Latest posts of: bipben

Hi everyone,

After many hours of setup I finally made it. I have a 1Tb generation in progress and 3x100Gb already finished.
I would like to test the V2 pool but I haven't any BURST for now. Could someone send me 1 BURST to test it please ? Here is my address : BURST-YA29-QCEW-QXC3-BKXDL.

Regarding the plot generation, I found an OpenCL implementation of Shabal (https://github.com/aznboy84/X15GPU/blob/master/kernel/shabal.cl) that could be used to make a GPU version of the generator. I will try to work on it when I have some free time.

Regards

Hi everyone,

As promised I have been working on a GPU plot generator on the last few days. I made a little program built on top of OpenCL, and it seems to work pretty well in CPU mode. Unfortunately, I can't test the GPU mode as it requires a very powerfull graphic card (with at least 46kB private memory per compute unit, because the algorithm needs at least 4096*64 static bytes to store an entire plot).

Here is a preview you can test for now :
gpuPlotGenerator-src-1.0.0.7z : https://mega.co.nz/#!bcF2yKKL!3Ud86GaibgvwBehoxkbO4UNdiBgsaixRx7ksHrgNbDI
gpuPlotGenerator-bin-win-x86-1.0.0.7z : https://mega.co.nz/#!HJsziTCK!UmAMoEHQ3z34R4RsXoIkYo9rYd4LnFtO_pw-R4KObJs

I will build another release in the end of the day with some minor improvements (threads per compute unit selection, output of OpenCL error codes, improvement of the Makefile to generate the distribution directly).
I will also try to figure out another mean to dispatch the work between the GPU threads to reduce the amount of private memory needed by the program.

For the windows people, you can use the binary version directly.
For the linux people, just download the source archive, make sure to modify the OpenCL library and lib path in the makefile (and maybe the executable name), and build the project via "make". To run the program, you need the "kernel" and the "plots" directories beside the executable.

The executable usage is : ./gpuPlotGenerator <address> <start nonce> <nonces> <stagger size>
The parameters are the same as the original plot generator, without the threads number.
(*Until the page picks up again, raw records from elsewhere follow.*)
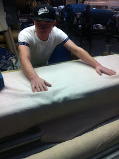I then sewed up the printed fabric so that it could be baked in the huge baker at the end of the flatbed machine. This is a truly terrifying moment
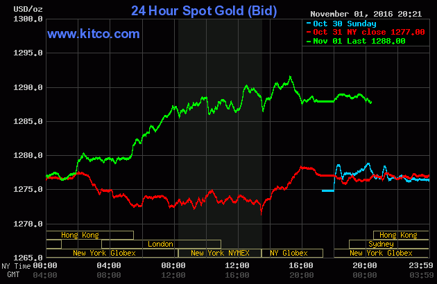 Sáng nay 7:00 theo giờ Việt Nam, giá vàng giao ngay trên sàn Kitco đứng tại 1.288USD/oz, tăng 0,9% so với chốt phiên trước.
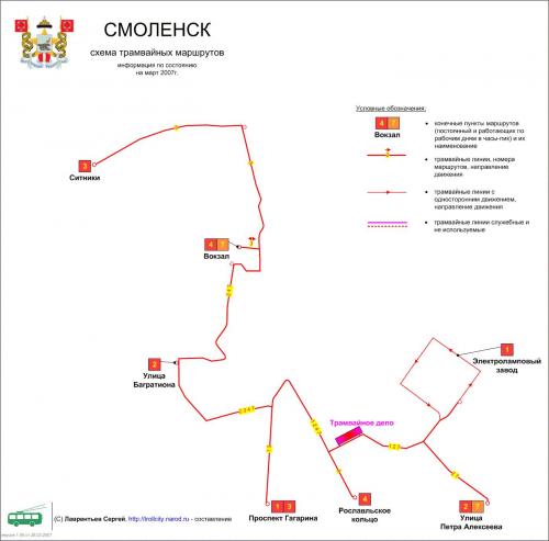 Количество действующих маршрутов в г. Смоленске – 5 (№1, №2, №3, №4 и №7). Система линейная, кольцевых маршрутов не имеет. Единственный маршрут кольцевой был №14, но это было так давно – в 1993 году! После снятия линии по ул. Б. Советская, система стала линейной! Маршруты:
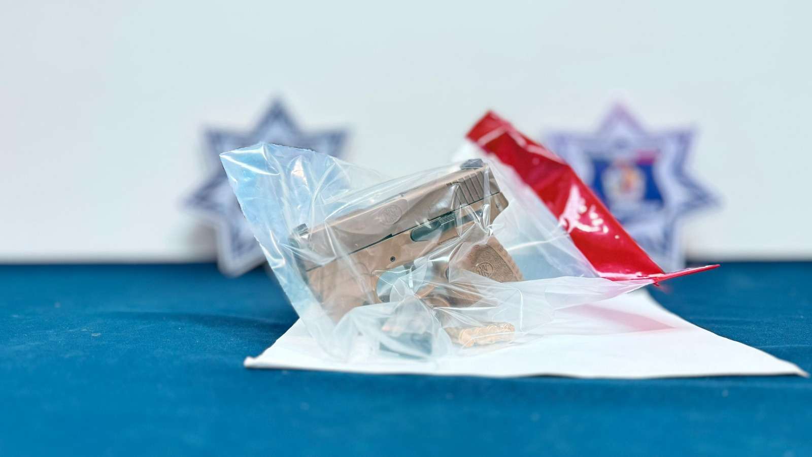 Ante esta situación, se le marcó el alto al conductor por protocolos de seguridad en el cruce de las calles Soneto 154 y Felipe Guele, en donde los tripulantes fueron sometidos a una inspección preventiva, en la cual se les localizó un arma de fuego color café en el portavasos del vehículo.
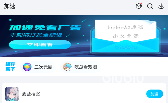 玩家在給碧藍檔案加速之前,需要先下載并安裝好biubiu加速器,然后在biubiu加速器當中,找到碧藍檔案這款游戲,點擊游戲旁邊的下載選項,就可以開始游戲的下載了。
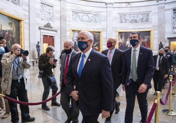 Members of the mob that day shouted “Hang Mike Pence!” and erected a gallows on the west side of the Capitol. As the building was under siege, Pence and his family were whisked into a hideaway, narrowly escaping the attackers, before being taken to a more secure location elsewhere in the complex.
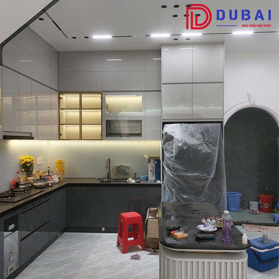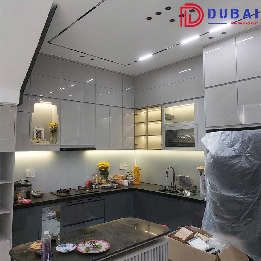 ♦ Phong cách: Lý tưởng cho nhà phố, căn hộ có trần cao, bếp liên thông phòng khách hoặc bếp đặt dưới gầm cầu thang. Cũng hợp nhà ở mới, gia chủ đề cao sự ngăn nắp và thích vẻ sang hiện đại.
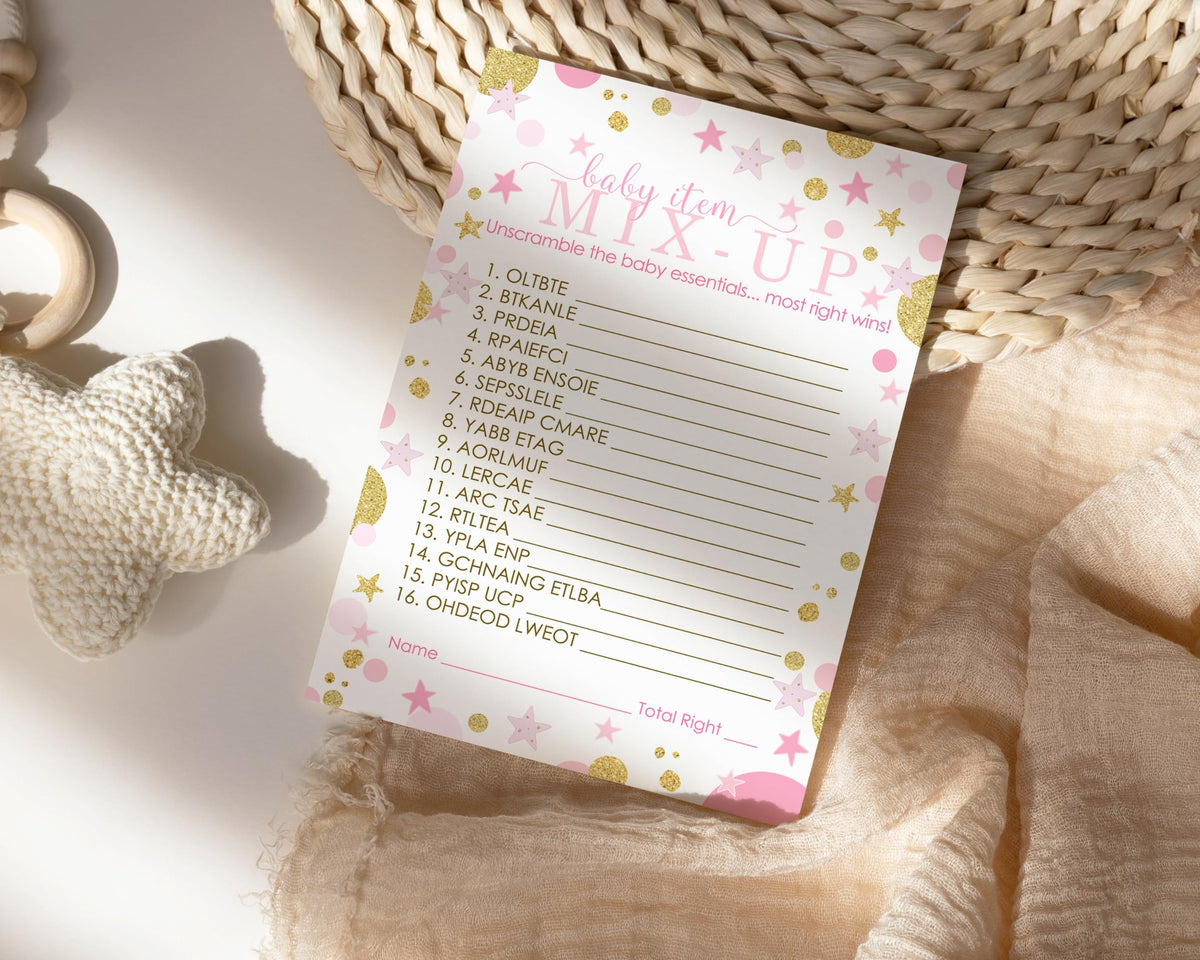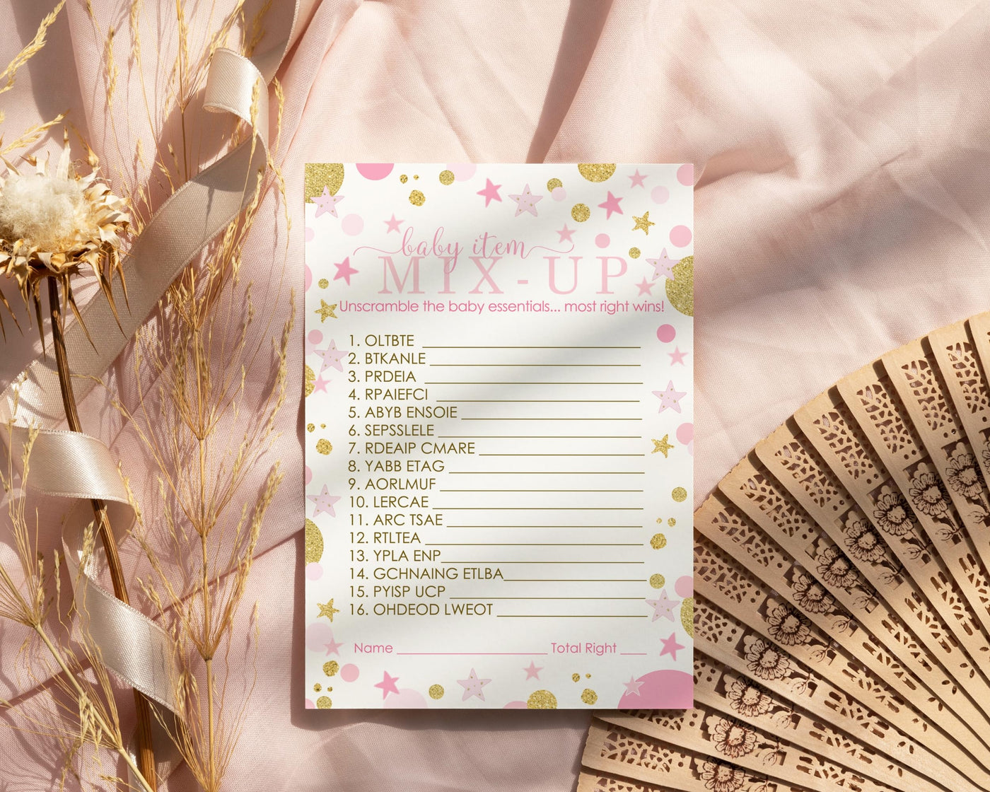 Twinkling Star Baby Shower Word Scramble Game Cards (25 Pack) Baby Shower Games For Girls, Cute Guest Party Game Ideas, Unique F
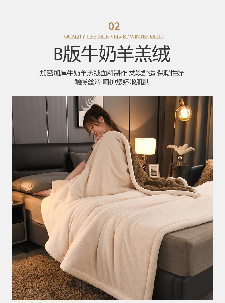 商品名称:(总)印季家纺 2025秋冬新款三层夹棉加厚-塔肤绒毛毯毯子多功能盖毯
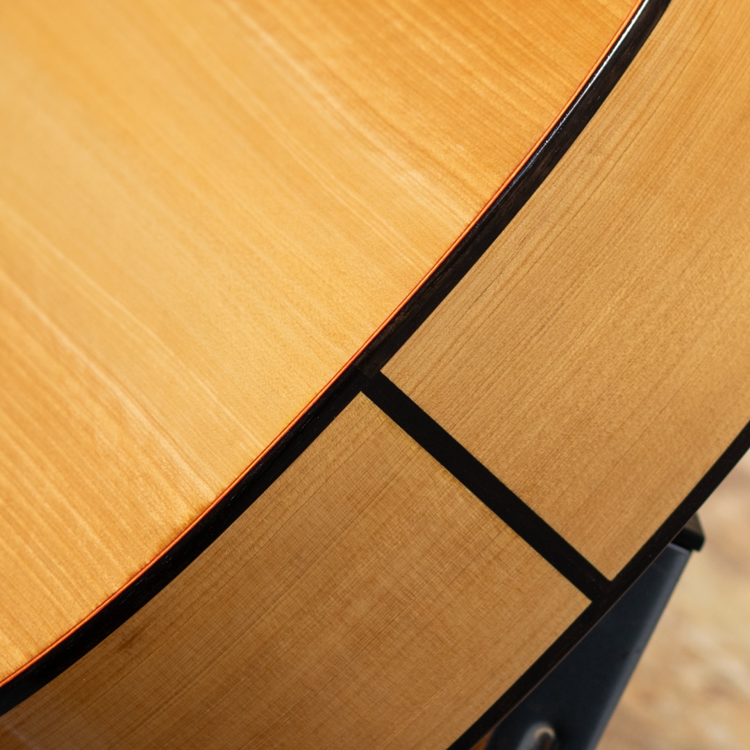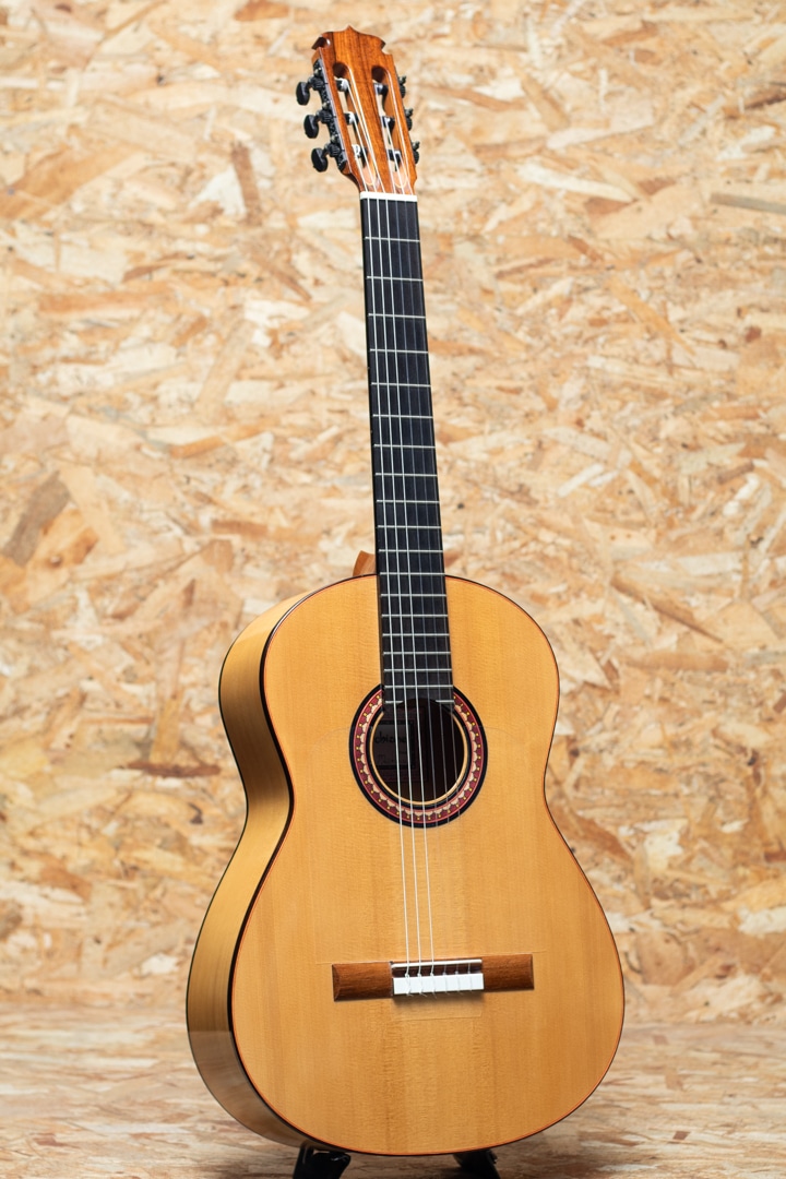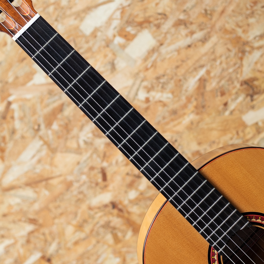 今もっとも脂の乗った製作家のひとりともいえる"Stephan Marchione(スティーブン・マルキオーネ)"のSteel String Acoustic。数々の有名ビルダーを輩出したPensa Suhr在籍後1993年に独立し、2001年からはテキサス州ヒューストンへ自身の工房を開いています。アーチトップをはじめ、ソリッド、クラシック、バイオリンまで、弦楽器のその大半を製作でき、そのすべての分野で喝采を博しています。本器は氏の得意とするフラメンコスタイル白モデル。ヨーロピアンスプルース、シープレスサイド&バック、スパニッシュシダーネック、エボニー指板、ハカランダブリッジ、ウッドロゼッタ、ローズウッドバインディング、マダガスカルローズウッドヘッド化粧板。弦楽器製作家によく見られる強いヘッド角に弦長655ミリの仕様ながらテンション感を感じさせない抜群の演奏性。一度爪弾けば、さながらハイエンドオーディオを思わせる、抜群のバランスと透明感のあるトーンが心地良く響きます。氏の作品に共通する指板の何処を押さえてもロス無く音が飛び出す感覚と絶妙な音の減衰の美しさも際立っており、氏の製作する全ての作品に共通する恐ろしく高い精度で製作されている事を感じさせます。極薄いスクラッチ傷や微かな塗装の荒れがあるものの非常に良好な状態を保っており、ネックコンディションも抜群です。ハードケースが付属いたします。
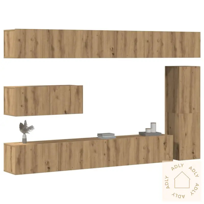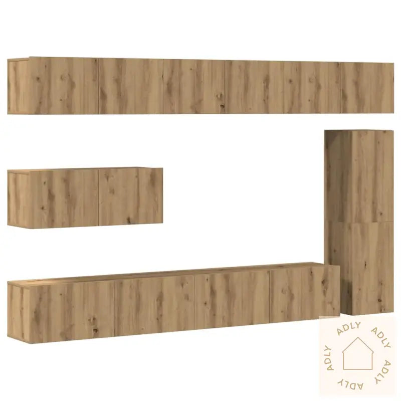 Skruer og plugger for veggmontering er ikke inkludert. Det anbefales å velge skruer og plugger tilpasset akkurat dine vegger, og kontakte fagperson ved usikkerhet. Husk å følge alle monteringsinstruksjoner nøye for et sikkert resultat.Farge: artisan eikMateriale: konstruert treMontering kreves: jaLeveransen inneholder:1 x TV-benk: 30,5 x 30 x 110 cm (B x D x H)4 x TV-skap: 80 x 30 x 30 cm (B x D x H)2 x TV-skap: 100 x 30 x 30 cm (B x D x H)
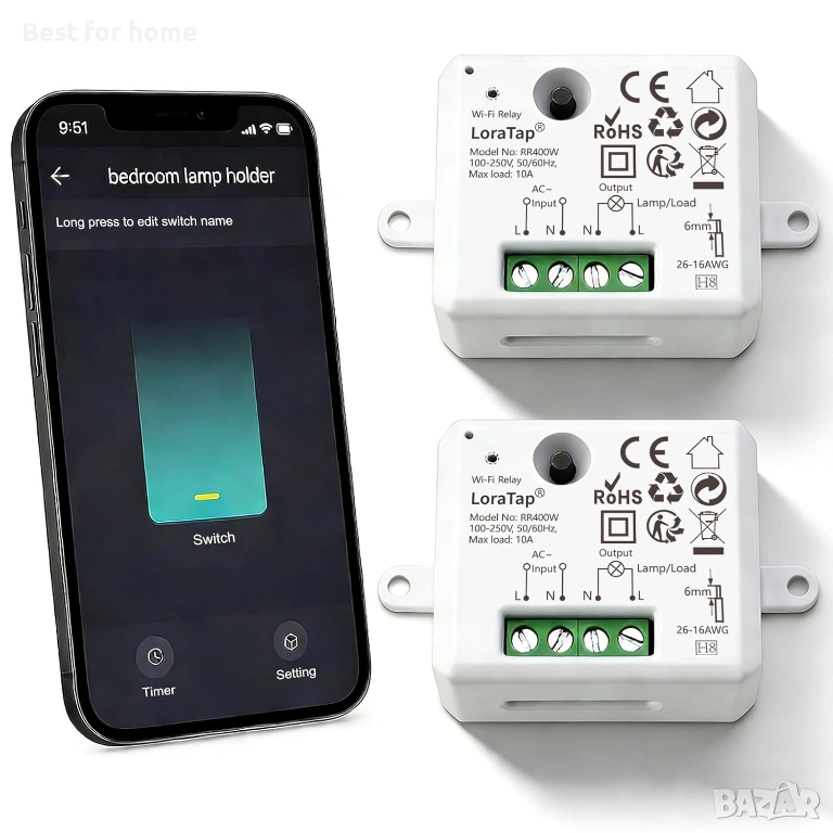 LoraTap WiFi интелигентен релеен модул, 2 броя, безжично дистанционно управление за включване/изключване с таймер и управление чрез приложение за телефон, работи с Google Home и Alexa Echo, 10A/2500W

If you find bugs or if you want some new features, let me now.

If you want to support me, here are my Bitcoin and Burst addresses :
Bitcoin: 138gMBhCrNkbaiTCmUhP9HLU9xwn5QKZgD
Burst: BURST-YA29-QCEW-QXC3-BKXDL

Regards

Quote from: bipben on September 08, 2014, 09:02:10 AM

Quote from: burstcoin on September 08, 2014, 08:43:32 AM

Quote from: bipben on September 08, 2014, 08:20:35 AM

Unfortunately, I can't test the GPU mode as it requires a very powerfull graphic card (with at least 46kB private memory per compute unit, because the algorithm needs at least 4096*64 static bytes to store an entire plot).

It's nice to see someone else working on this, since I seem to have failed in it.

Private memory is actually part of global on AMD cards, so storing it in private isn't any better than just using global for everything; it's local that needs to aimed for for the massive speedup. No AMD cards have more than 64KB local per workgroup, which makes storing it all in local impossible however.

I haven't tried your implementation yet, but on my own first attempt, I also used global on everything also, and the result was faster than the java plotter, but slower than dcct's c plotter. My 2nd attempt used a 32KB local buffer I rotated through for storing the currently being hashed stuff, however I couldn't figure out how to get it copied also to global fast enough, and the local -> global copy killed the performance.

You might be interested in those kernels here: https://bitcointalk.org/index.php?topic=731923.msg8695829#msg8695829

Thanks, I will look at your kernels to see if I can find a better solution.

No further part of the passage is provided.